Each index server indexes only part of the Web, as the whole Web will not fit on a single machine - certainly not the type of machines that Google uses. Google's index of the Web is distributed across many machines, and the query gets sent to many of them - Google calls each on a shard (of the Web). Each one works on its part of the problem.
Google computes the top 1000 or so results, and those come back as document IDs rather than text. The next step is to use document servers, which contain a copy of the Web as crawled by Google's spiders. Again the Web is essentially chopped up so that each machine contains one part of the Web. When a match is found, it is sent to the ad server which matches the ads and produces the familiar results page.
Google's business model works because all this is done on cheap hardware, which allows it to run the service free-of-charge to users, and charge only for advertising.
"Even though it is a big problem", said Hölzle, "it is tractable, and not just technically but economically too. You can use very cheap hardware, but to do this you have to have the right software."
Google runs its systems on cheap, no-name IU and 2U servers -- so cheap that Google refers to them as PCs. After all each one has a standard x86 PC processor, standard IDE hard disk, and standard PC reliability - which means it is expected to fail once in three years.
On a PC at home, that is acceptable for many people (if only because they're used to it), but on the scale that Google works at it becomes a real issue; in a cluster of 1,000 PCs you would expect, on average, one to fail every day. "On our scale you cannot deal with this failure by hand," said Hölzle. "We wrote our software to assume that the components will fail and we can just work around it. This software is what makes it work.
One key idea is replication. "This server that contains this shard of the Web, let's have two, or 10," said Hölzle. "This sound sounds expensive, but if you have a high-volume service you need that replication anyway. So you have replication and redundancy for free. If one fails you have 10 percent reduction in service so no failures so long as the load balancer works.
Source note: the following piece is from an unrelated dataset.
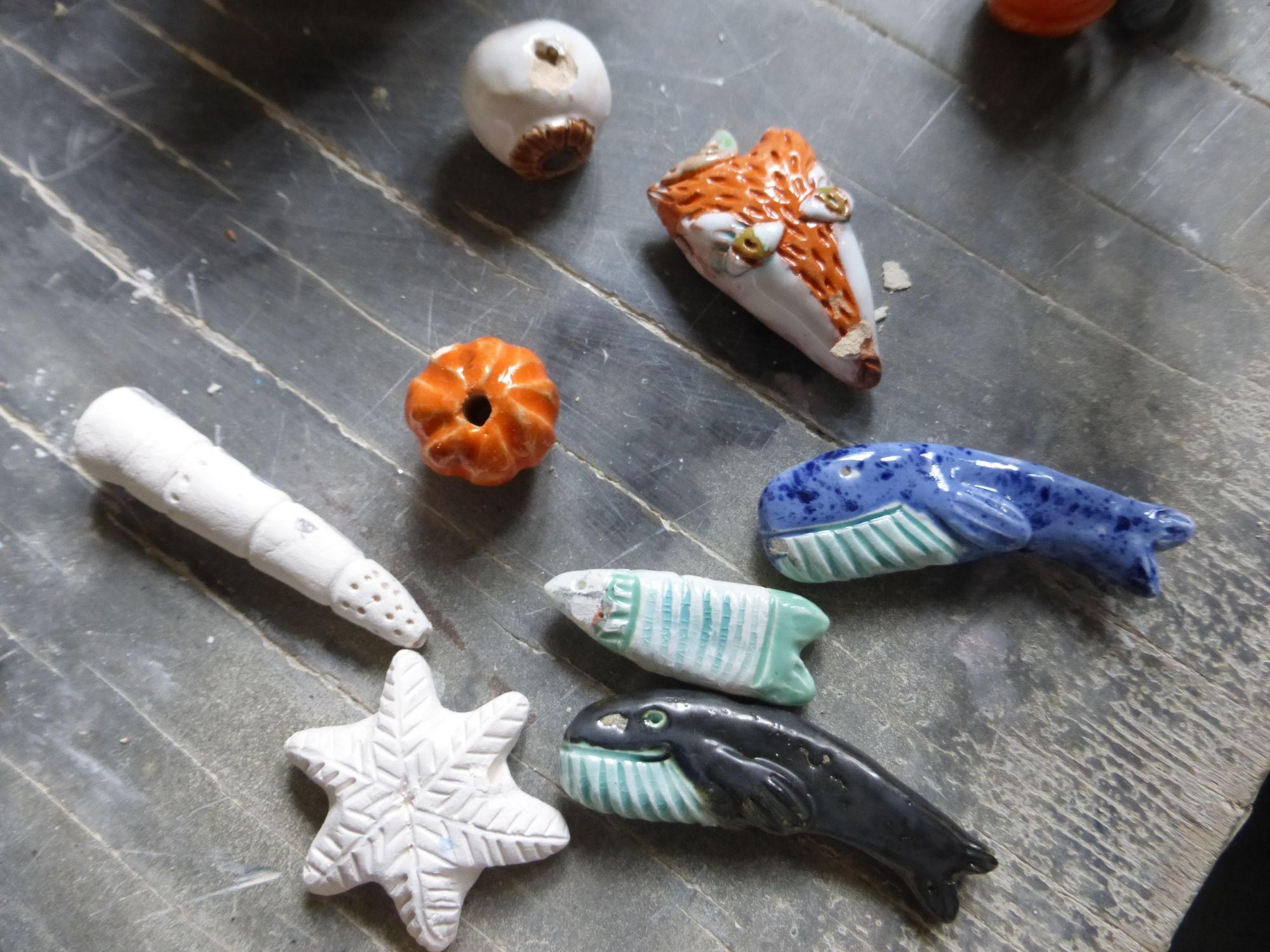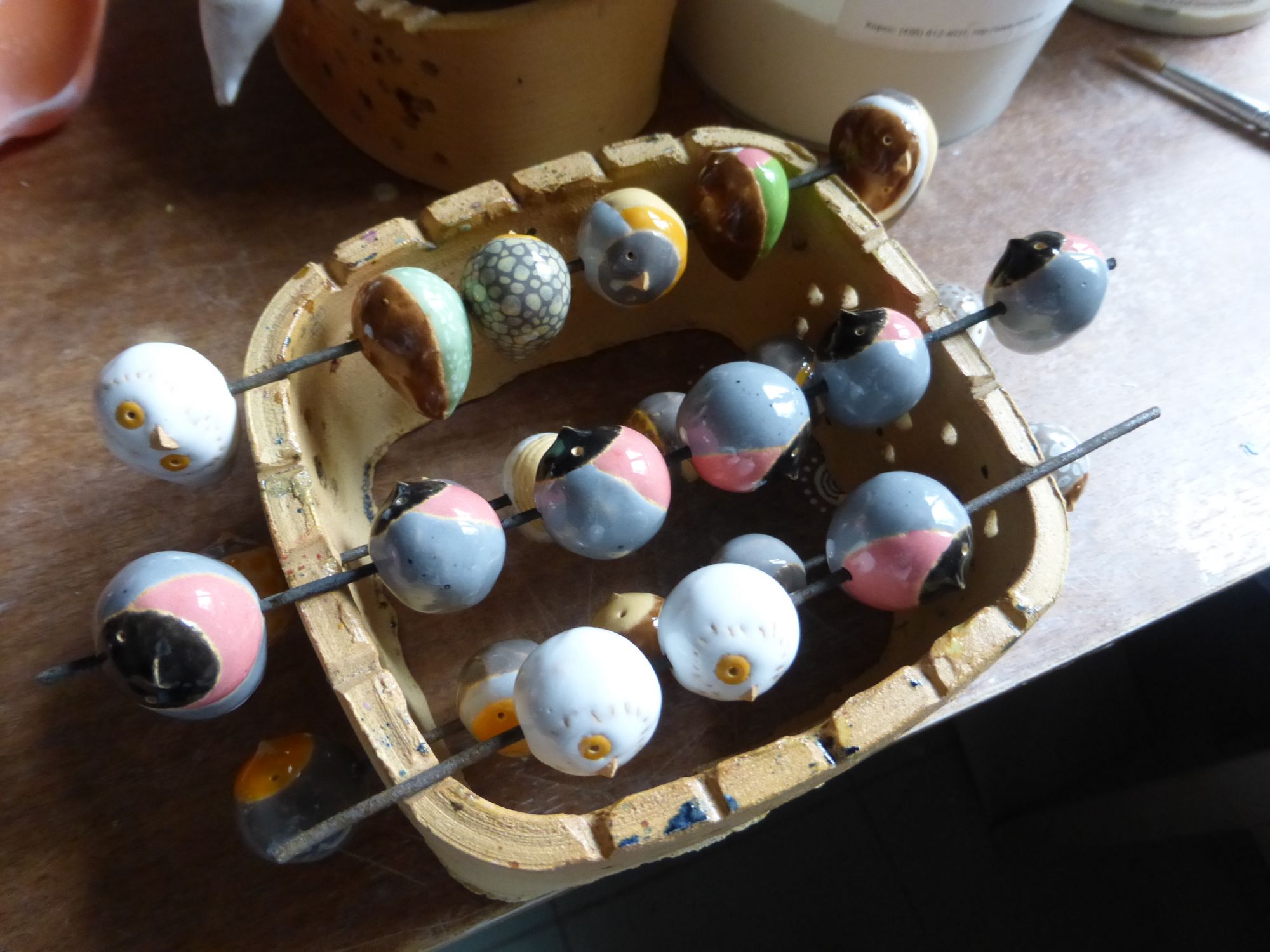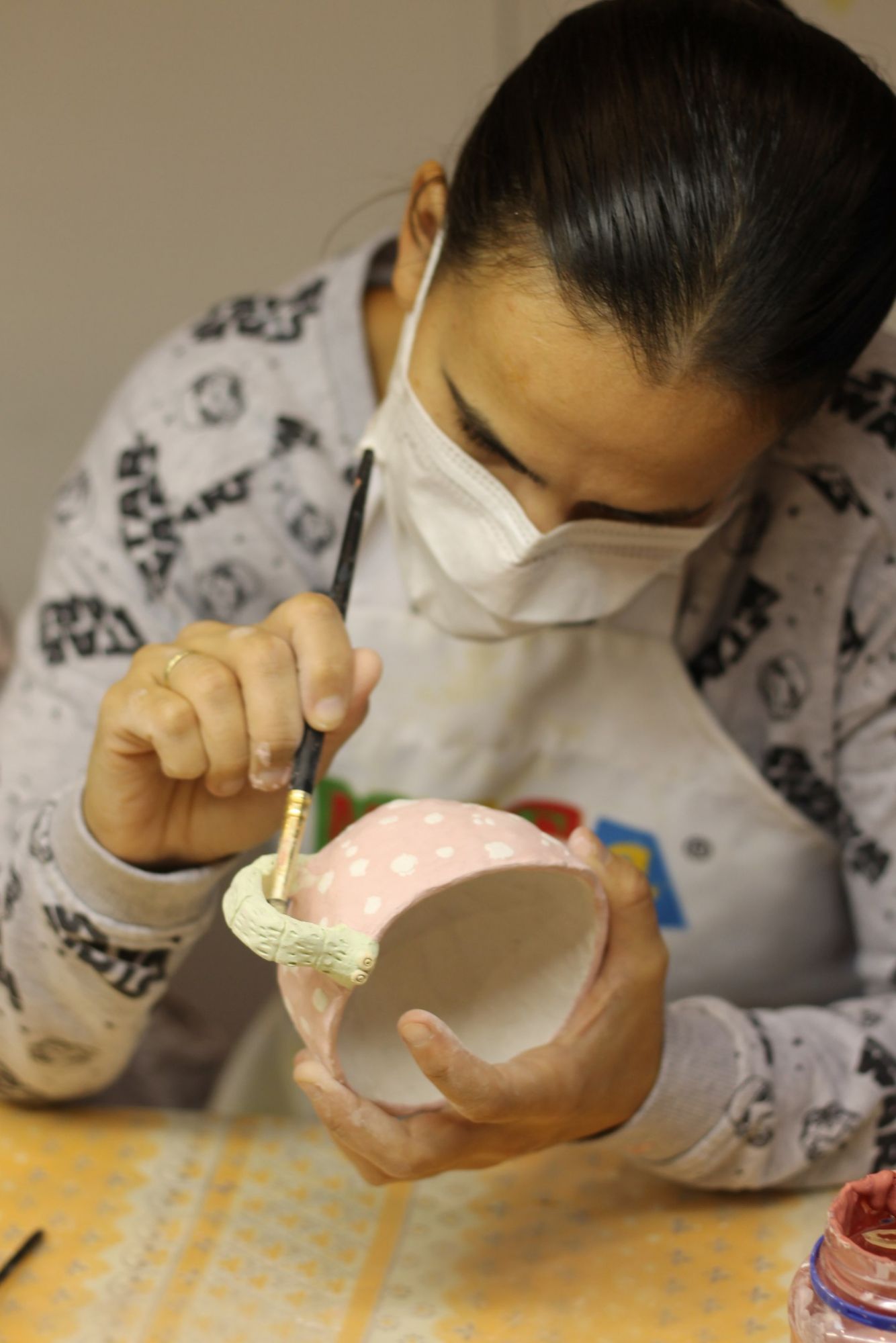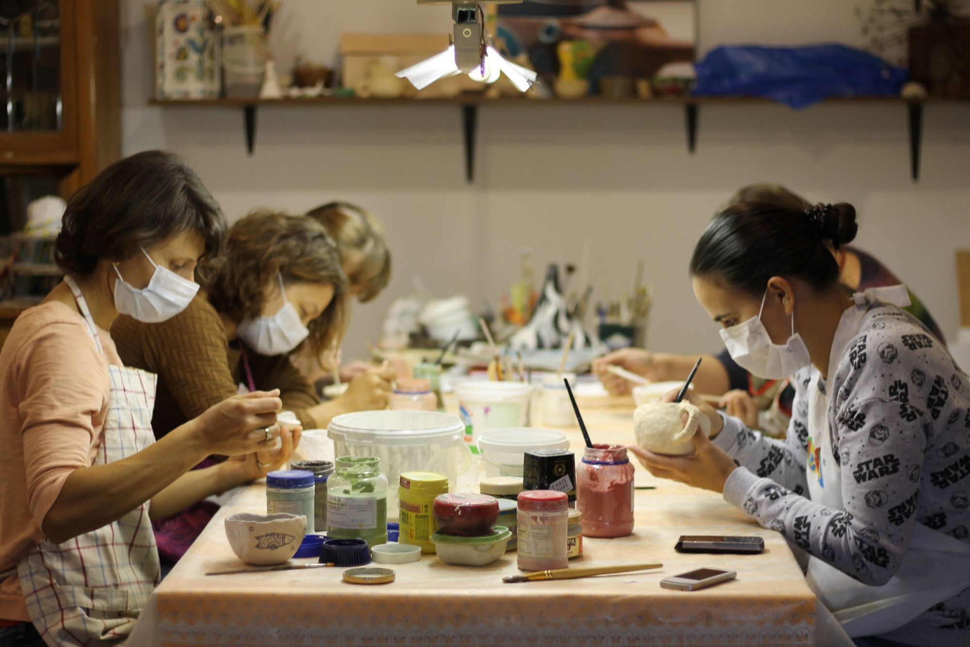 29 сентября 2016 Всем привет! Ждете замков? Будут чуть позже. А пока об интересном событии, произошедшем в моей жизни. Никогда не любила лепить, пластилин - мой страшный сон. И вот занесло меня на МК по лепке из глины в одно замечательное место. МК проходил в доме, где не только живут, но и работают настоящие мастера. Атмосфера их мастерской удивительная, в окружении прекрасных вещей и работать приятнее. Везде лежат, стоят глиняные изделия в разной степени готовности, все можно посмотреть буквально вплотную и подержать в руках. Интересная форма у печи, похожа на большую мультиварку. Их работы удивляют и ошеломляют, в голове вопрос: как? Как такое можно сделать руками. Есть довольно простые, но такое же еще и придумать надо, а есть просто филигранное исполнение. Мои любимцы: кружка-кафтан, заяц на табуретке и дремушки. Я от дремушек вообще в полном восторге, это колокольчики. Недолго думала над дизайном, так как была под впечатлением от лесных мухоморов. Я решила начать с несложного, решила сделать кружку-мухомор и гусеничку вместо ручки. Ага конечно, оказалось, что лепить кружку ни фига не легко. МК делился на три части: 1. Собственно сама лепка. Оказывается делается все не из цельного куска, а постоянно как бы надстраивая кусками все выше и выше. И это тебе не гончарный круг, где все ровненько, нет, все ручками и переделываешь, переделываешь, пока не получается приемлемый результат. А внутри кружки неожиданно появился маленький мухоморчик из трафарета, хотя изначально не задумывался. Незаметно пролетели 4 часа... Оставалось ждать результата обжига, кружка могла треснуть в печи или разлететься на куски, если что-то сделал не так. Волнительно. 2. Роспись после обжига. Виделись мне яркие глазури, красивые рисунки. Ага как же. Непонятного цвета что-то, что должно при повторном обжиге засиять. Мой мухомор стал блекло-розового цвета с непонятной гусеницей на нем. И опять же важно положить глазури именно столько сколько надо, иначе либо светит глина, если мало, либо рисунок идет пузырями, если переборщишь. А уж роспись маленького мухомора это отдельный треш. Кисточки тонюсенькие, а краски не желательно смешивать, так что приходилось выписывать, затаив дыхание. Ожидание еще более волнительно. 3. Итог. Он превзошел все ожидания. Действительно в печи глазурь заиграла всеми красками, мухомор стал красным, а гусеница зелененькой с оранжевыми кружочками, как и обещали. Внутренний грибок тоже не подкачал. Теперь у меня есть что-то неровное, кривенькое, но полностью оригинально и сделанное мной самой, нелюбительницей пластилина. Я влюблена в лепку из глины и результат. Пить чай из нее гораздо вкуснее. Ну а теперь к главному блюду и довольно очевидному: я их закончила Замки Даже немного жаль с ними расставаться, так как в отшиве они были чудесны. Из кучи блендов и немного количества чистого цвета выступали на канву каменные стены средневековых башен, остроконечные и не очень крыши, склоны, покрытые мшистыми камнями и яркой травой. Последний домик мне все время напоминал Реда из angry birds. Не знаю почему, но мне казалось, что он все время шевелил "клювом" и играл бровями ))) Ниток всех хватило по мотку и даже немного осталось, хотя иной раз были сомнения, а хватит ли самых часто используемых. Спасибо Ане еще раз, что швырнула в меня таким замечательным подарком, сама бы еще

So failure becomes and a manageable event."
In reality, he said, Google probably has "50 copies of every server". Google replicates servers, sets of servers and entire data centres, added Hölzle, and has not had a complete system failure since February 2000. Back then it had a single data centre, and the main switch failed, shutting the search engine down for an hour. Today the company mirrors everything across multiple independent data centres, and the fault tolerance works across sites, "so if we lose a data centre we can continue elsewhere -- and it happens more often than you would think. Stuff happens and you have to deal with it."
A new data centre can be up and running in under three days. "Our data centre now is like an iMac," said Schulz." You have two cables, power and data. All you need is a truck to bring the servers in and the whole burning in, operating system install and configuration is automated."
Working around failure of cheap hardware, said Hölzle, is fairly simple. If a connection breaks it means that machine has crashed so no more queries are sent to it. If there is no response to a query then again that signals a problem, and it can cut it out of the loop.
That is redundancy taken care of, but what about scaling? The Web grows every year, as do the number of people using it, and that means more strain on Google's servers.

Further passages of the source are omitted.